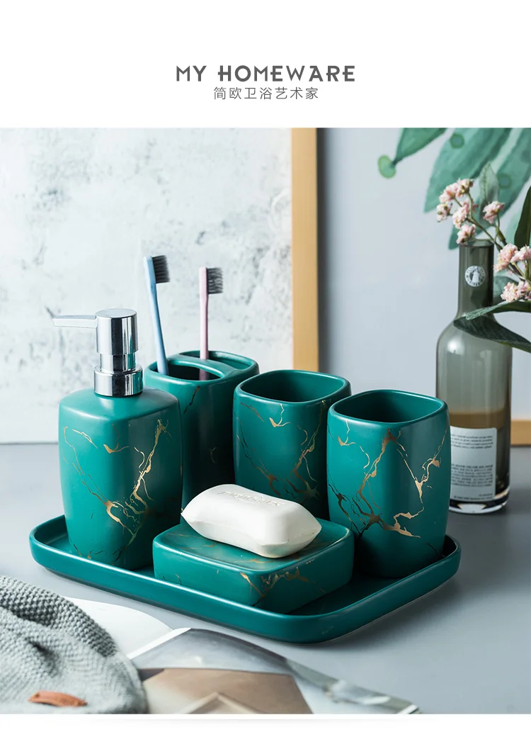 Набор аксессуаров для ванной комнаты из керамики и мрамора
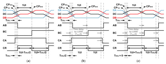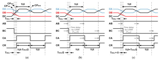 Figure 3 shows time diagrams to illustrate the operation of the high-speed receiver using the LDEB for the MIPI C-PHY. The signals DA, DB, and DC refer to the three-level signals transmitted from the MIPI C-PHY transmitter. Meanwhile, the signals AB, BC, CA, and CR represent the data and clock signals received and recovered in the MIPI C-PHY receiver. The signals AB, BC, and CA are generated by comparing the voltage differences between DA and DB, DB and DC, and DC and DA. Furthermore, the clock signal CR is recovered by the transitions of the three received data AB, BC, and CA. In particular, when two or three transitions among the three received data occur, the clock signal CR is recovered by the last transition of the three received data, as shown in Figure 3a. Since common mode voltages of the input signals DA, DB, and DC for the high-speed receiver are different from each other, the cross point of the two input signals may be different depending on the voltage level of the input signal; this can generate time jitters of the received data and recovered clock, as shown in Figure 3a. When the cross points are generated at CP1st and CP3rd due to the transitions of three signals with different voltage levels, the time jitters of the received data and recovered clock are generated as the values of TDDJ and TDDJ/2, respectively. In this case, time-domain equalization using the LDEB improves the signal integrity from the level-dependent ISI. Figure 3b shows this by applying the LDEB to the signals BC and CA, upon which the time jitter of the received data is reduced to TDDJ/2 and the recovered clock, CR, does not ideally contain a time jitter due to the level-dependent ISI. However, as shown in Figure 3c, when excessive delay time is applied to the LDEB, the time jitters of the received data and recovered clock rather increase. Therefore, optimization of the delay time of the LDEB to TDDJ/2 is required in the case of Figure 3. Furthermore, the optimal delay time of the LDEB changes according to the loss of the channel. The designed delay time of the LDEB may also not be optimized due to variations in the process, voltage and temperature.
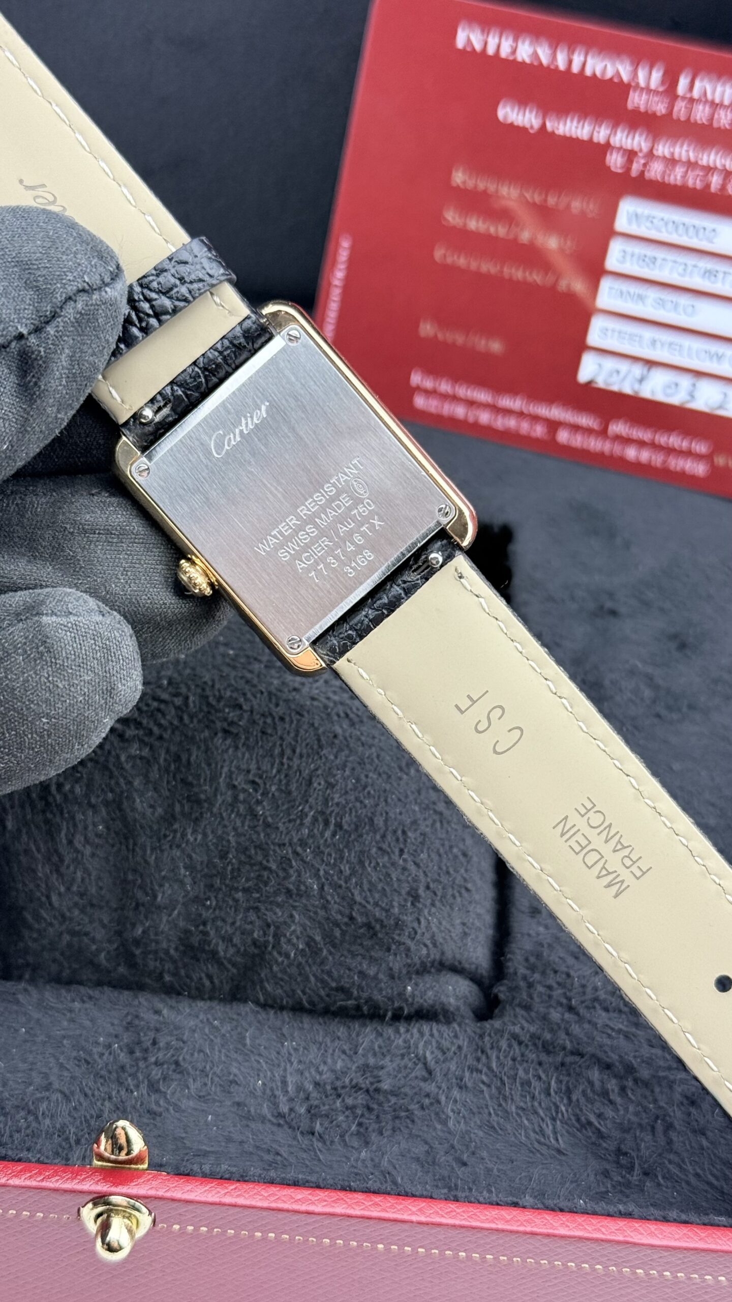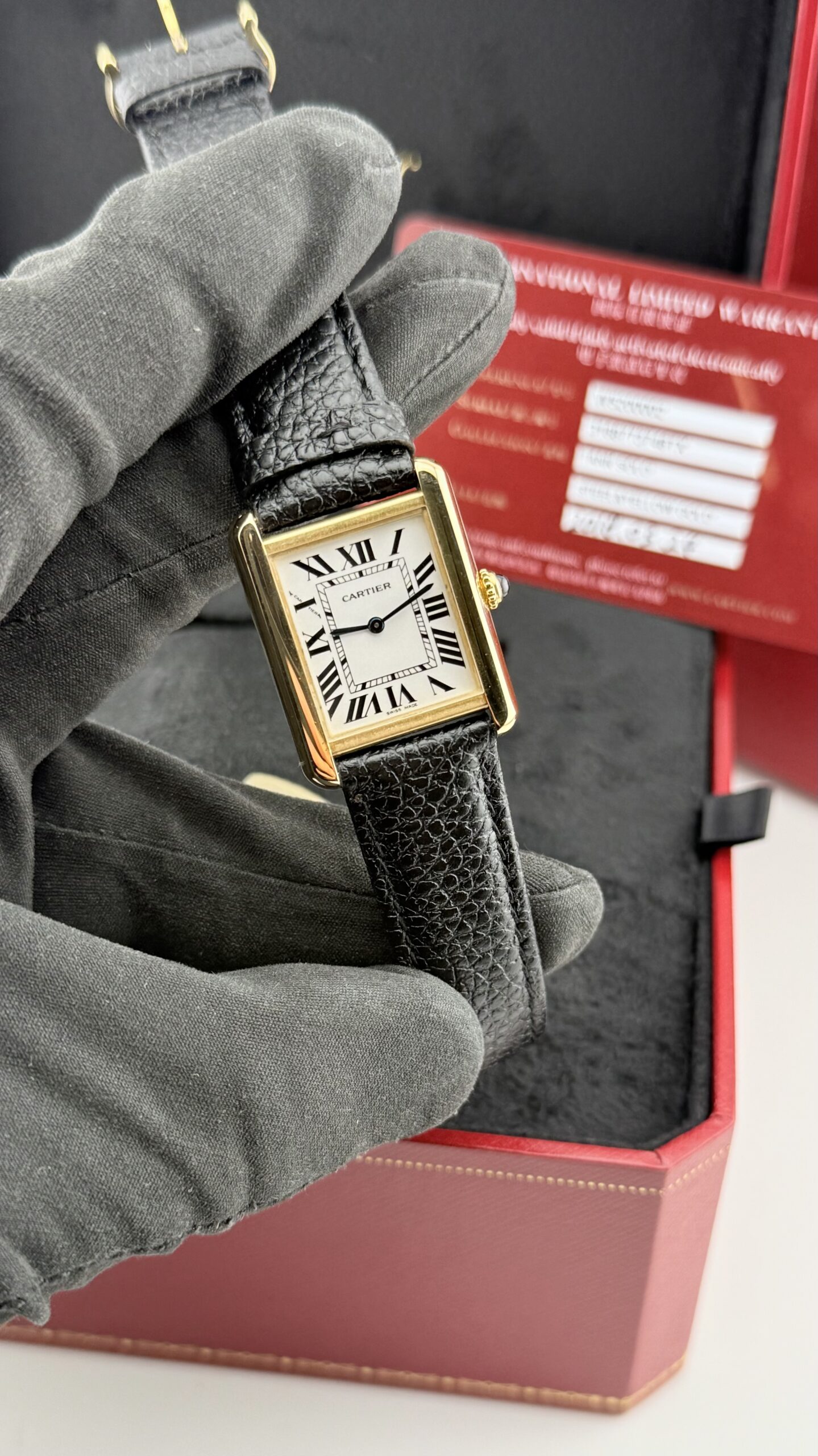 Eleganza senza tempo in formato “small”. Il Cartier Tank Solo W5200002 unisce la cassa rettangolare in oro giallo 18K al classico quadrante argenté con numeri romani e lancette azzurrate: un’icona discreta, raffinata e facile da indossare ogni giorno. Movimento al quarzo per massima praticità e vetro zaffiro antigraffio. Perfetto come orologio da donna o unisex per polsi più sottili.
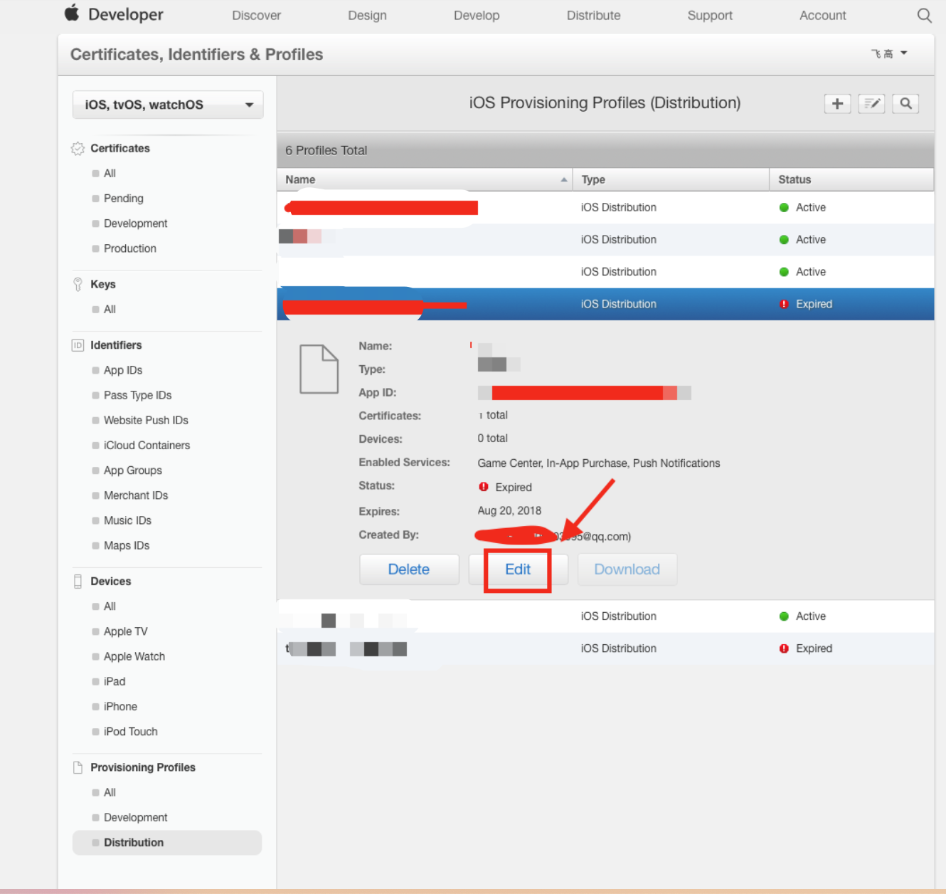 再次回到apple deleloper 页面,找到已过期的的描述文件(Provisioning Profiles),点击“Edit”,
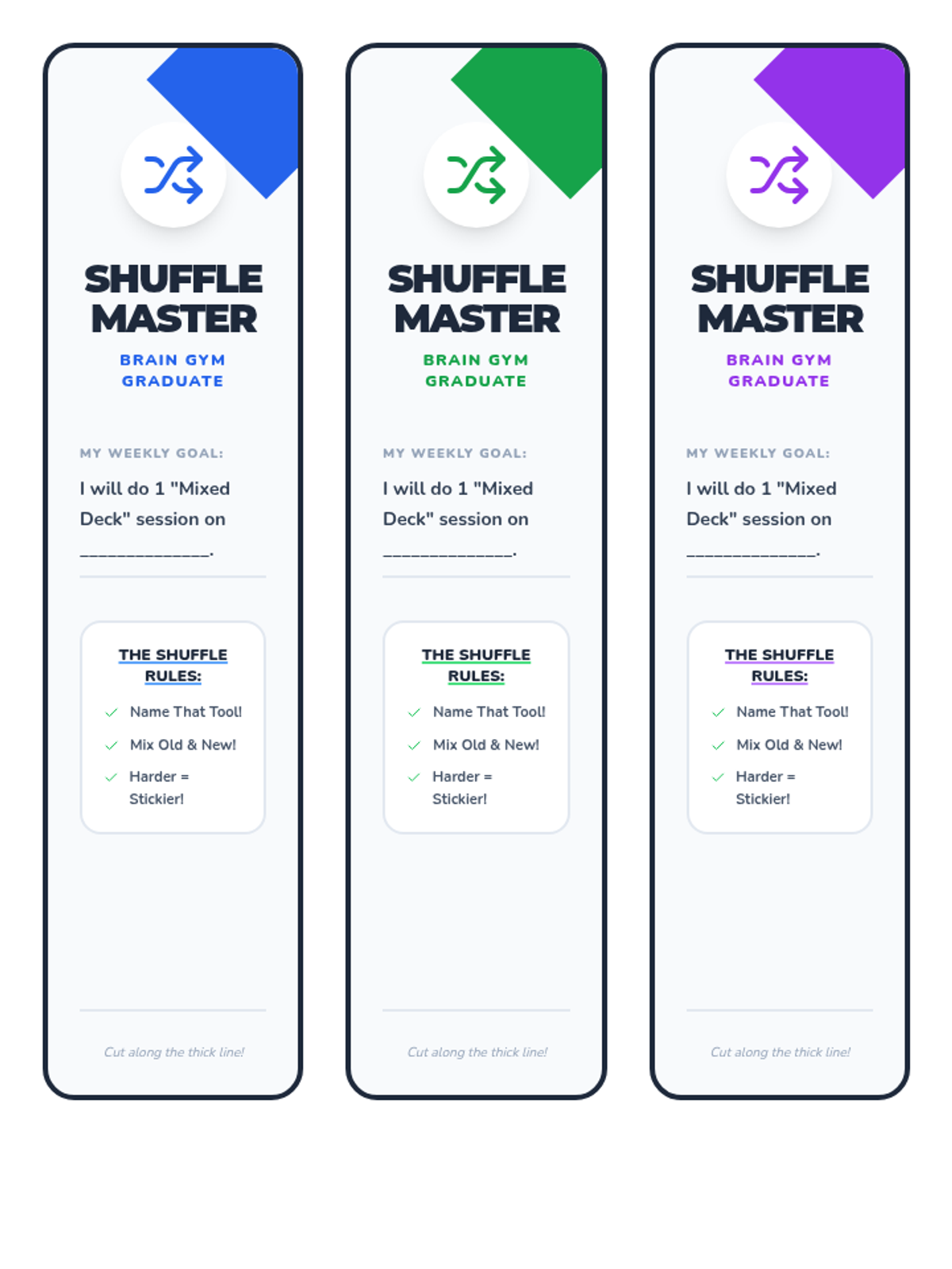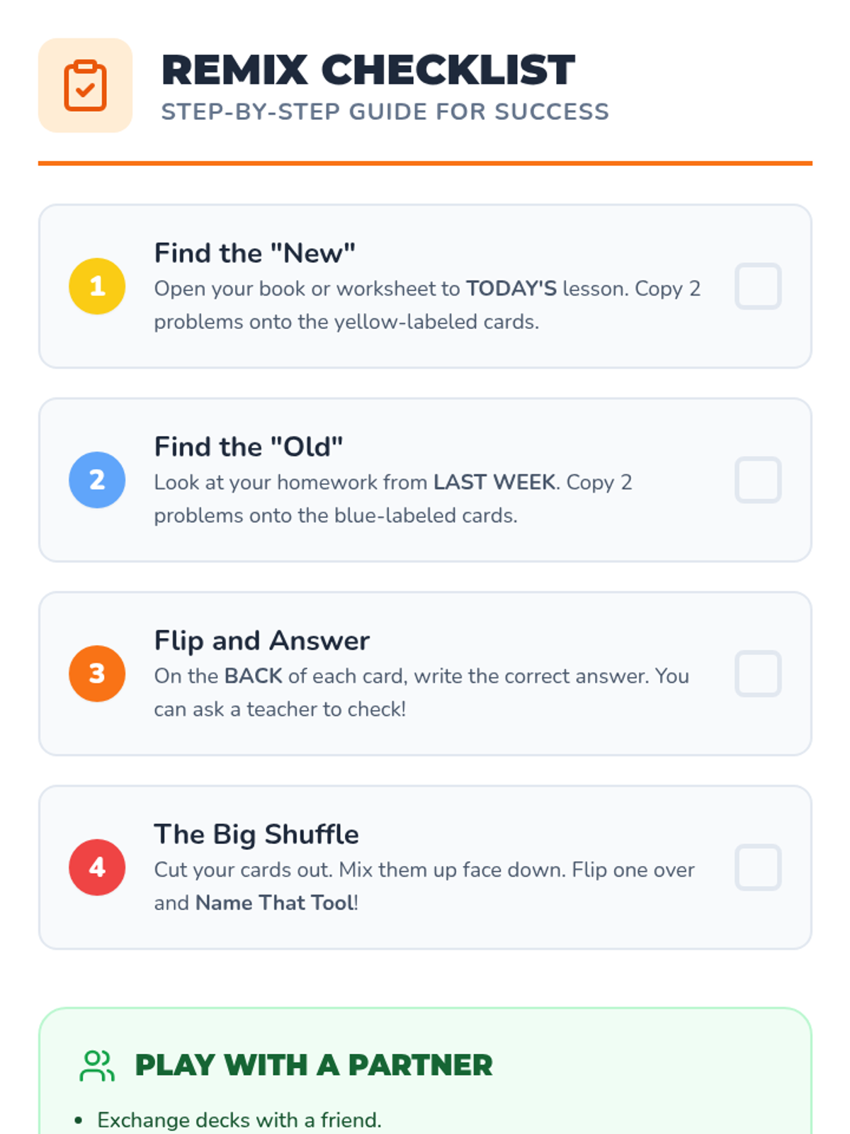 Students cut up old worksheets or homework assignments to create their own 'mixed decks.' They shuffle questions from last week with questions from this week to create a spaced and interleaved review deck.
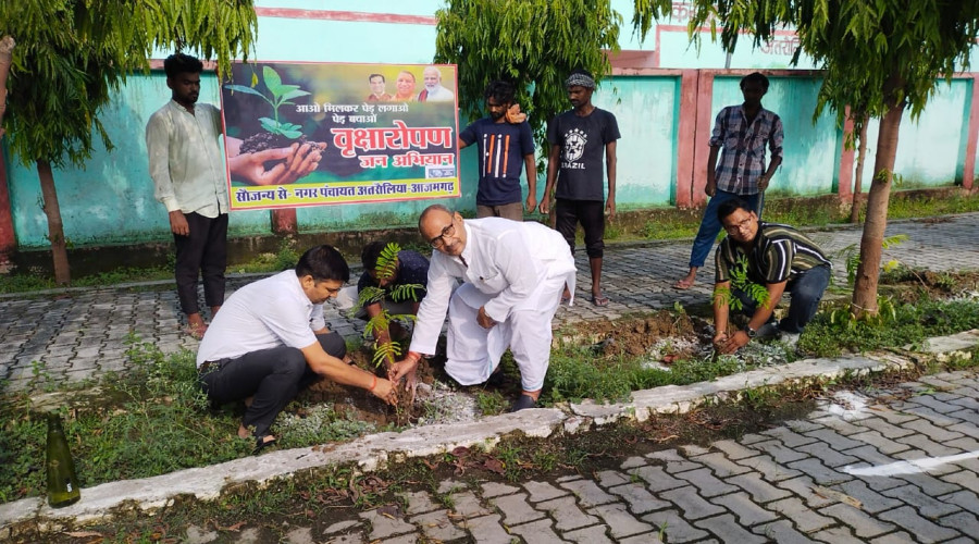 अतरौलिया। एक वृक्ष 10 पुत्र समान, वृक्ष धरा के भूषण है दूर करता प्रदूषण है ,के नारों से बुलंद हुआ...
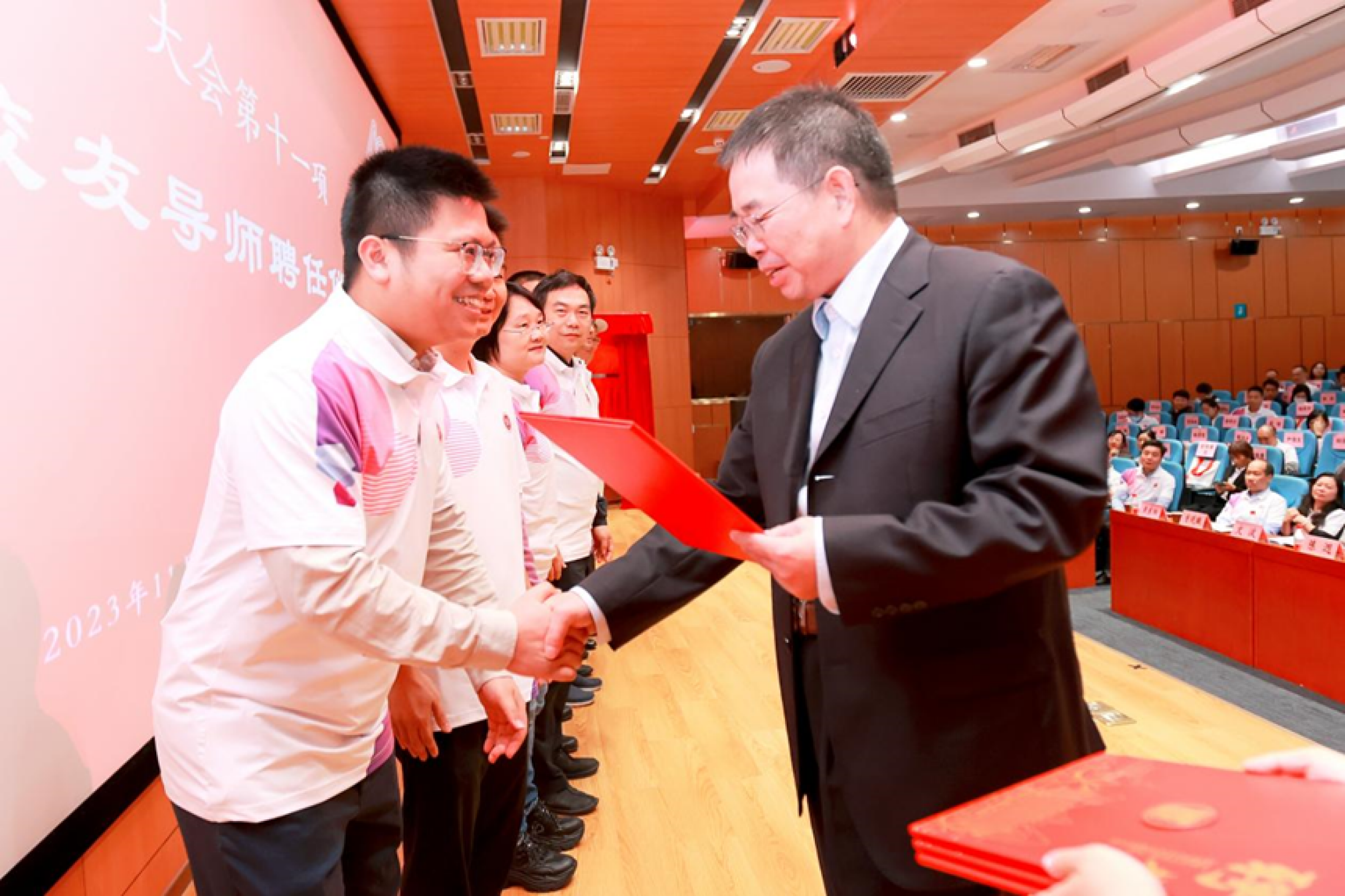 邹新月为会计学院校友导师颁发聘书,希望他们用自身的经验、资源为在校学生指引方向,为学院发展添砖加瓦。
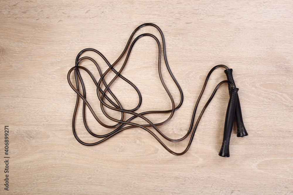 Black skipping rope on wooden background
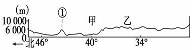 读我国沿90°E附近的地形剖面图,①为天山,回答22-23题。
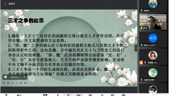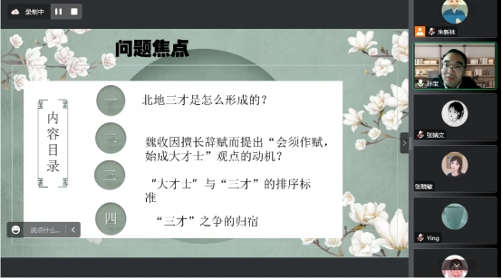孙宝老师详解了魏收“大才士”论的内涵,指出这其实体现了急于摆脱长期担任中枢文职而角色固化为“刀笔小人”“几案之吏”的焦虑,既迎合了高氏集团以辞赋润饰中兴的需要,同时也暗含魏收以辞赋之能重塑文坛格局的动机。梳理“邢魏”之争的终结后,孙老师指出“大才士”之辩、“三才”排序、魏收与阳休之之争归根结底只是汉人文官的内部矛盾。他聚焦齐末胡汉党争与文林馆的中央文枢化,揭示了文林馆从建立至解体的全过程,“武职疾文人”正是其政治动因;而文林馆的瓦解,也预示了北齐国运的完结。讲座的结尾,孙宝老师讲解了“三才”之争的归宿、历史遗产和启示,为大家构建了对“北地三才”的完整认识。

> **Instructions for the task**: Starting at the line that contains "Students cut up" and ending with the last line of the data, transcribe every line exactly; skip the pictures.

> **Solution**:
 Students cut up old worksheets or homework assignments to create their own 'mixed decks.' They shuffle questions from last week with questions from this week to create a spaced and interleaved review deck.
 अतरौलिया। एक वृक्ष 10 पुत्र समान, वृक्ष धरा के भूषण है दूर करता प्रदूषण है ,के नारों से बुलंद हुआ...
 邹新月为会计学院校友导师颁发聘书,希望他们用自身的经验、资源为在校学生指引方向,为学院发展添砖加瓦。
 Black skipping rope on wooden background
 读我国沿90°E附近的地形剖面图,①为天山,回答22-23题。
孙宝老师详解了魏收“大才士”论的内涵,指出这其实体现了急于摆脱长期担任中枢文职而角色固化为“刀笔小人”“几案之吏”的焦虑,既迎合了高氏集团以辞赋润饰中兴的需要,同时也暗含魏收以辞赋之能重塑文坛格局的动机。梳理“邢魏”之争的终结后,孙老师指出“大才士”之辩、“三才”排序、魏收与阳休之之争归根结底只是汉人文官的内部矛盾。他聚焦齐末胡汉党争与文林馆的中央文枢化,揭示了文林馆从建立至解体的全过程,“武职疾文人”正是其政治动因;而文林馆的瓦解,也预示了北齐国运的完结。讲座的结尾,孙宝老师讲解了“三才”之争的归宿、历史遗产和启示,为大家构建了对“北地三才”的完整认识。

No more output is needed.